◆ Requirement ◆
Any image found in the entries is to be skipped; the rest is returned word for word.

◆ Extracted data entries ◆
↓↓↓

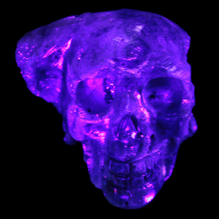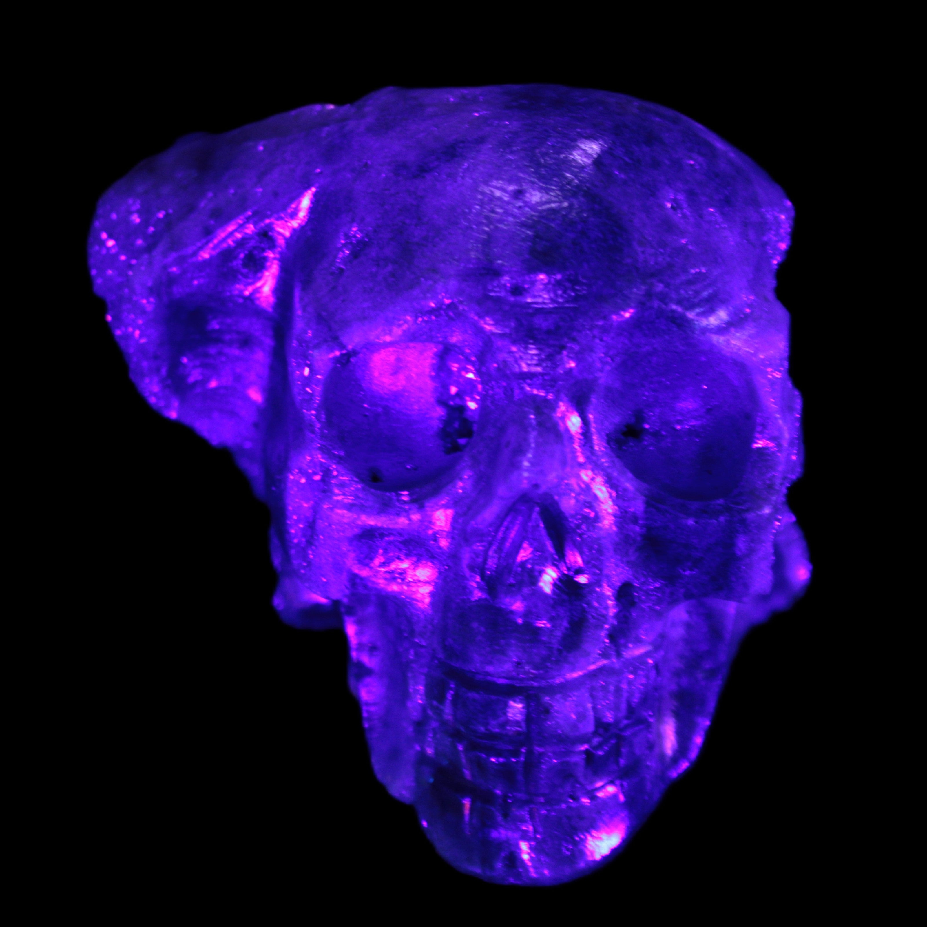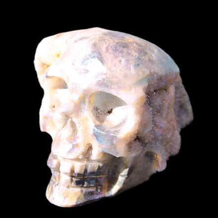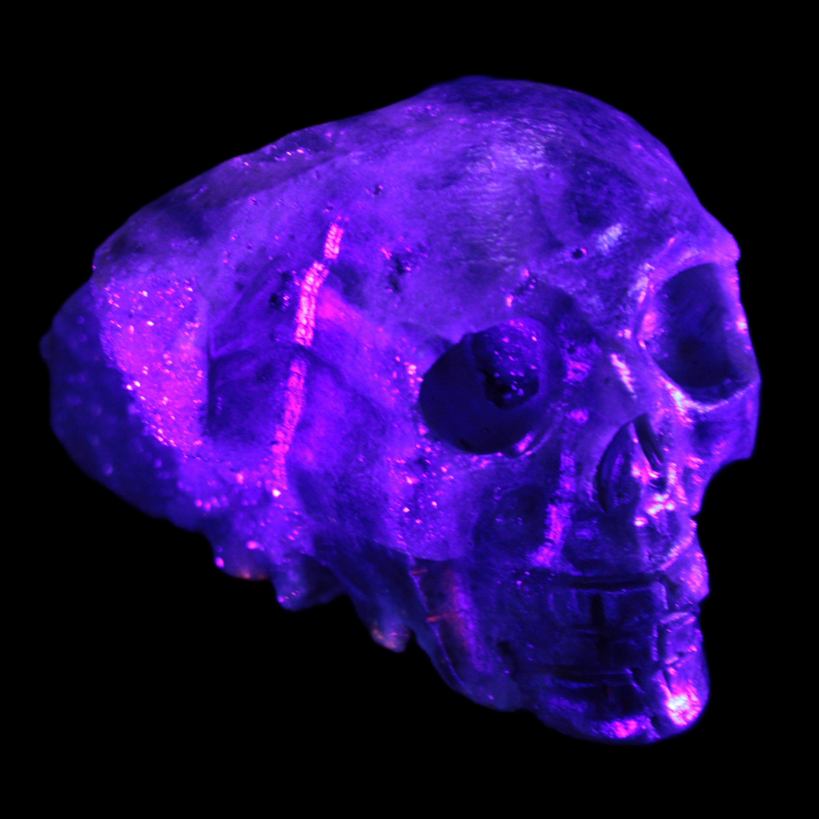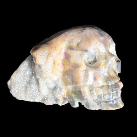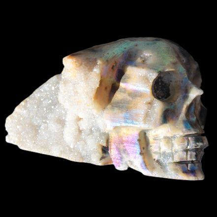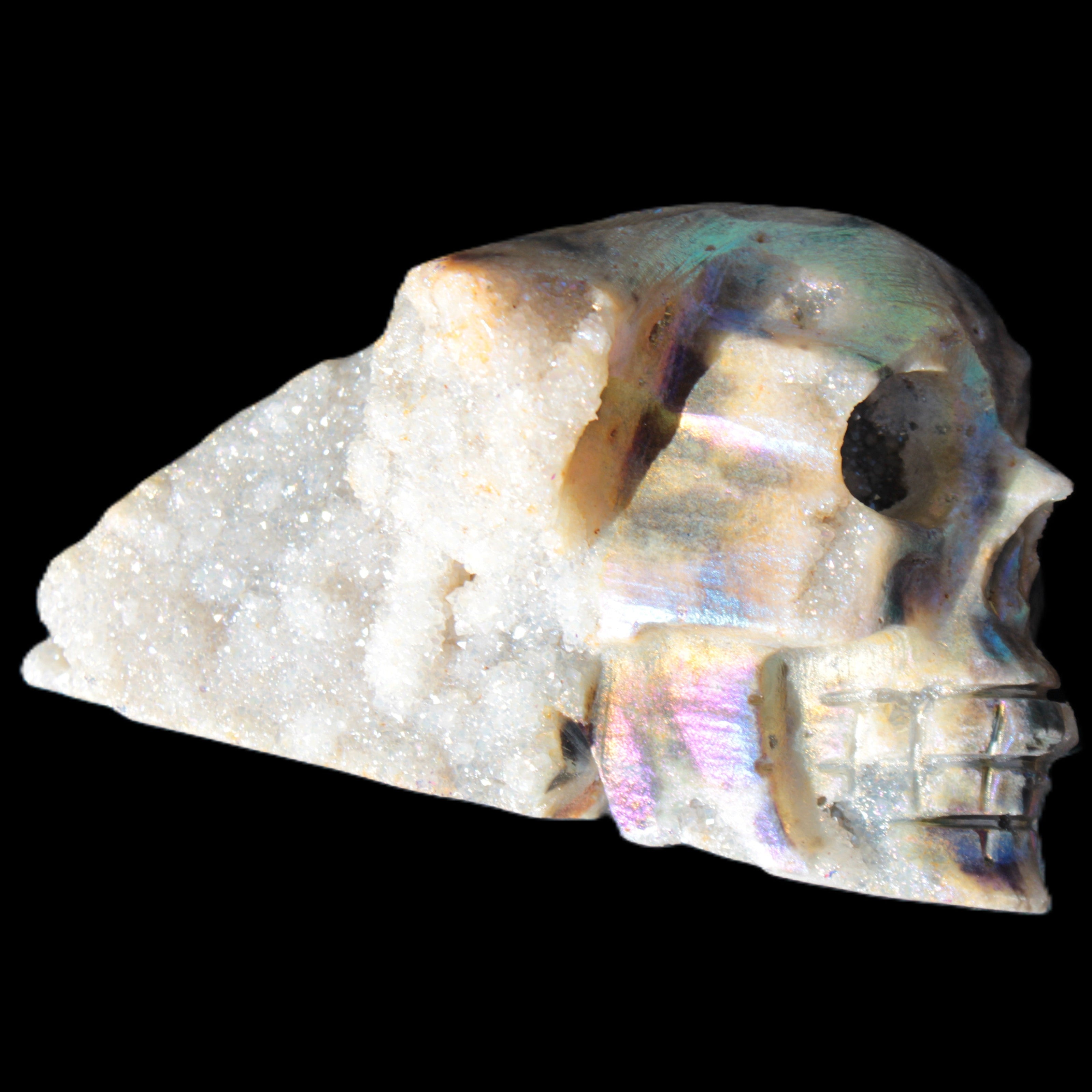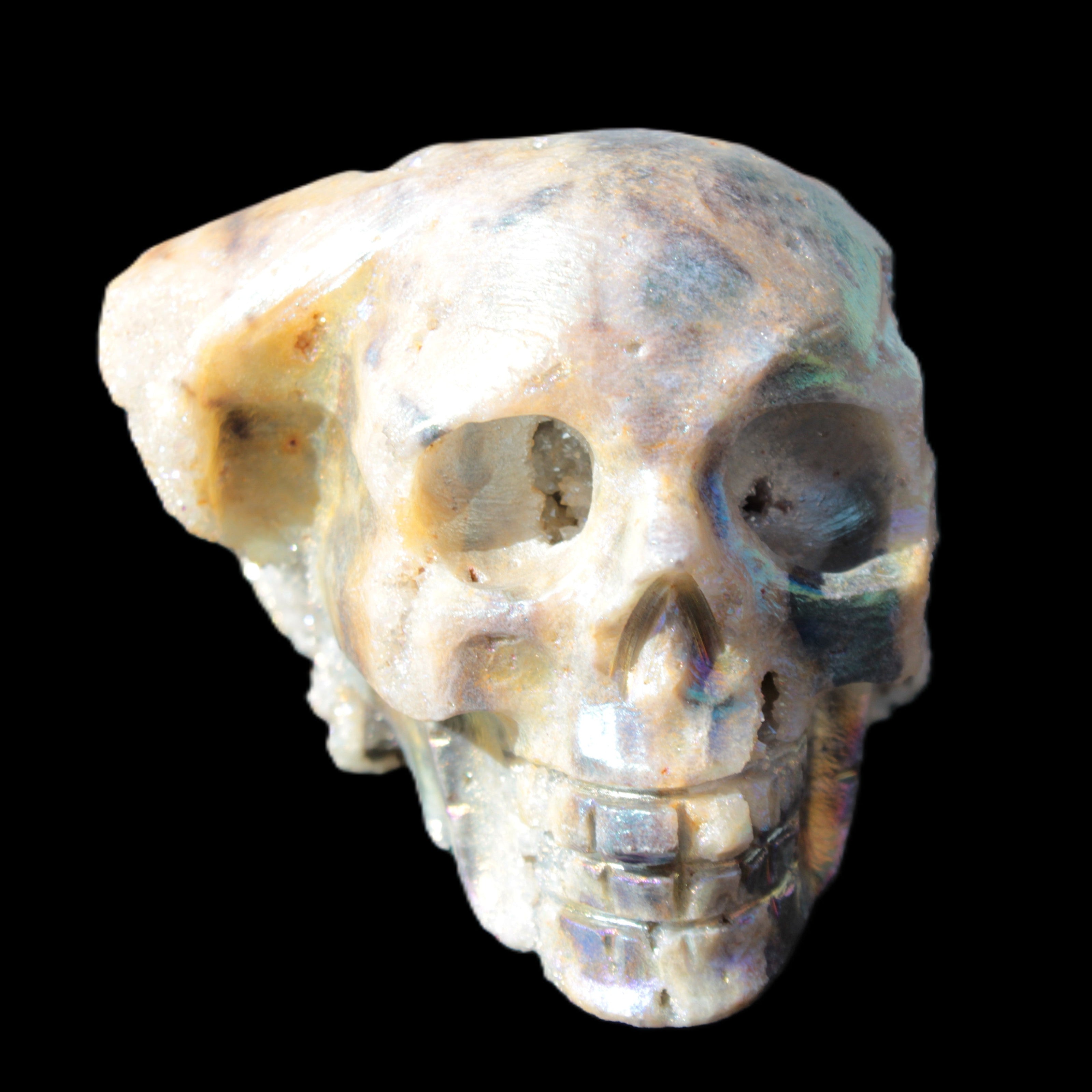 This Sphalerite hand-carved skull 69*106*64mm weighs 441g. It has been electroplated tro give it extra sparkle and rainbow effects. Sphalerite also reacts to UV light, so this is a stunning piece under any light.
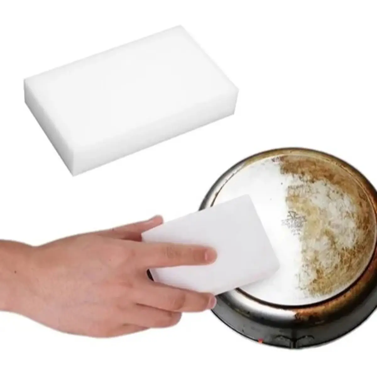 Esponja mágica é feito de melamina, um produto alcalino orgânico, rico em nitrogênio, que, em seu estado sólido, é um abrasivo poderoso, mas delicado. Lida eficazmente com manchas sem o uso de detergentes. É adequado para remover marcas de canetas de paredes e pisos, limpar móveis de jardim, brinquedos e caixas de plástico (eletrodomésticos, teclados, controles remotos). Limpa perfeitamente as solas brancas dos sapatos. Remove o calcário de acessórios de banheiro, manchas de banheiras, pias e gorduras de exaustores de cozinha. Limpa azulejos e juntas. Remove resíduos de cera e pasta de polimento de pára-choques e frisos decorativos.
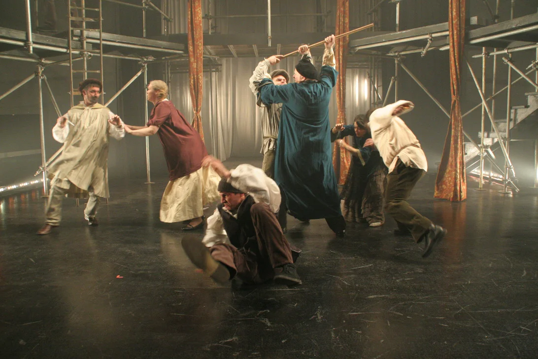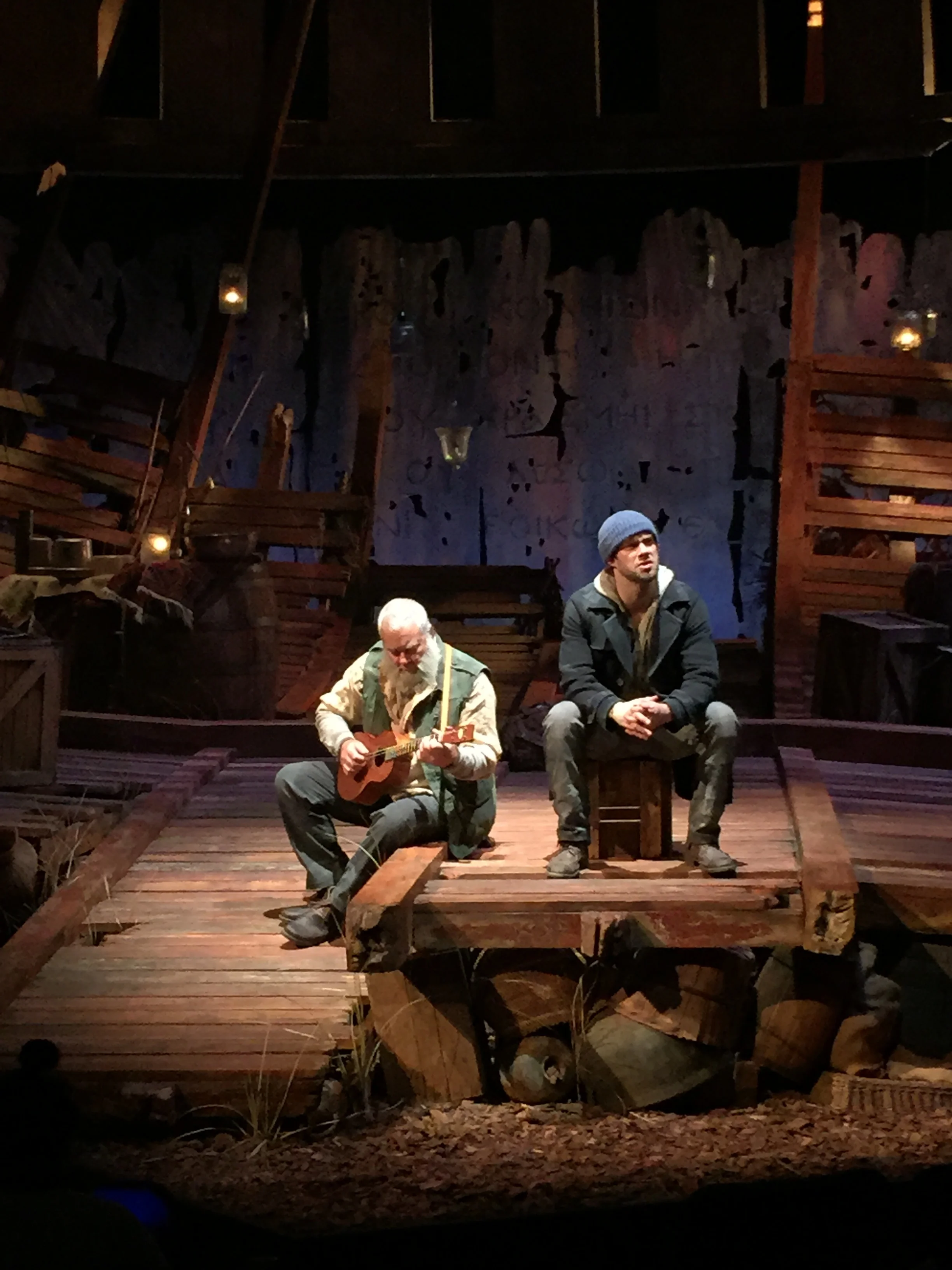 A proscenium thrust is transformed, allowing audience to surround an Italianate pallazzo that welcomes these traveling players from above & below. A few simple trunks contain all the magic.
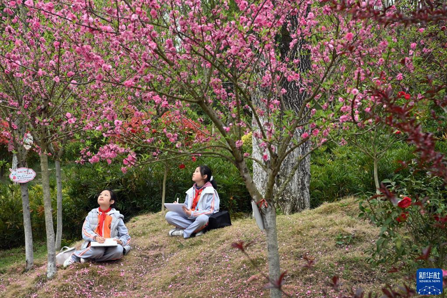3月31日,嵐皋縣城關第二小學的學生在巴山珍稀植物園寫生。(新華社記者 陶明/攝)
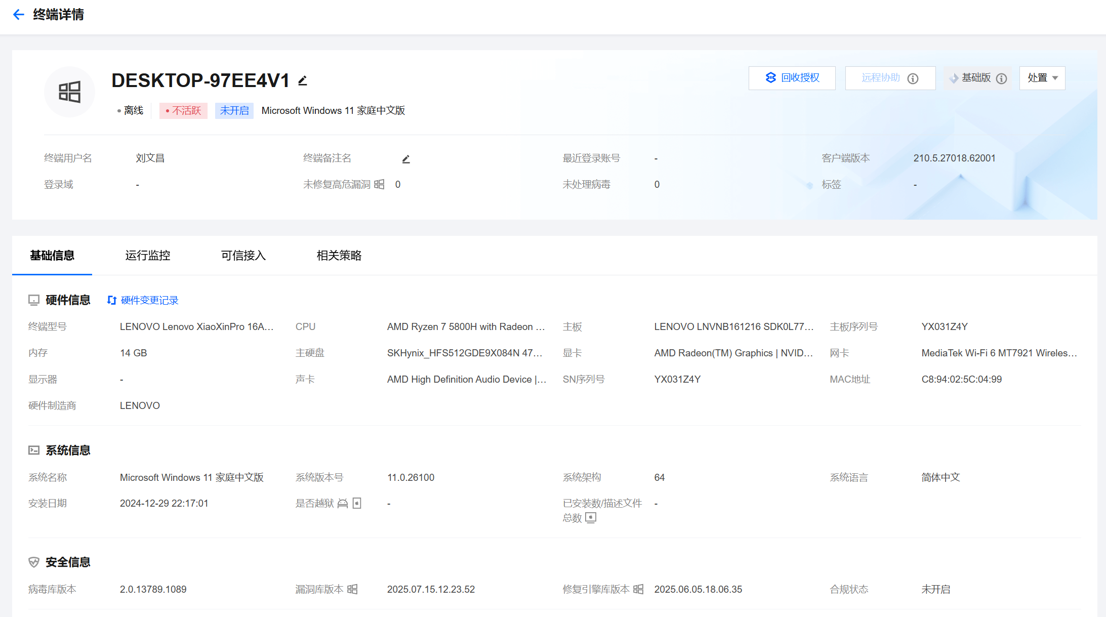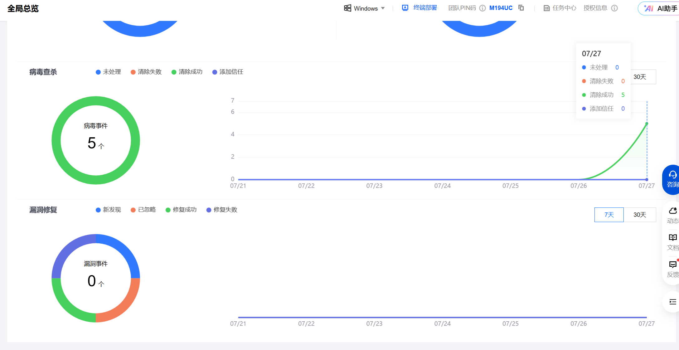 免费版本包含了企业级安全管理的核心功能,从基础的病毒防护到高级的集中管控,功能覆盖面广泛。特别是PIN码绑定的设备管理模式,为中小企业提供了简单高效的管理方案。

↑↑↑

◆ Task answer ◆
 This Sphalerite hand-carved skull 69*106*64mm weighs 441g. It has been electroplated tro give it extra sparkle and rainbow effects. Sphalerite also reacts to UV light, so this is a stunning piece under any light.
 Esponja mágica é feito de melamina, um produto alcalino orgânico, rico em nitrogênio, que, em seu estado sólido, é um abrasivo poderoso, mas delicado. Lida eficazmente com manchas sem o uso de detergentes. É adequado para remover marcas de canetas de paredes e pisos, limpar móveis de jardim, brinquedos e caixas de plástico (eletrodomésticos, teclados, controles remotos). Limpa perfeitamente as solas brancas dos sapatos. Remove o calcário de acessórios de banheiro, manchas de banheiras, pias e gorduras de exaustores de cozinha. Limpa azulejos e juntas. Remove resíduos de cera e pasta de polimento de pára-choques e frisos decorativos.
 A proscenium thrust is transformed, allowing audience to surround an Italianate pallazzo that welcomes these traveling players from above & below. A few simple trunks contain all the magic.
3月31日,嵐皋縣城關第二小學的學生在巴山珍稀植物園寫生。(新華社記者 陶明/攝)
 免费版本包含了企业级安全管理的核心功能,从基础的病毒防护到高级的集中管控,功能覆盖面广泛。特别是PIN码绑定的设备管理模式,为中小企业提供了简单高效的管理方案。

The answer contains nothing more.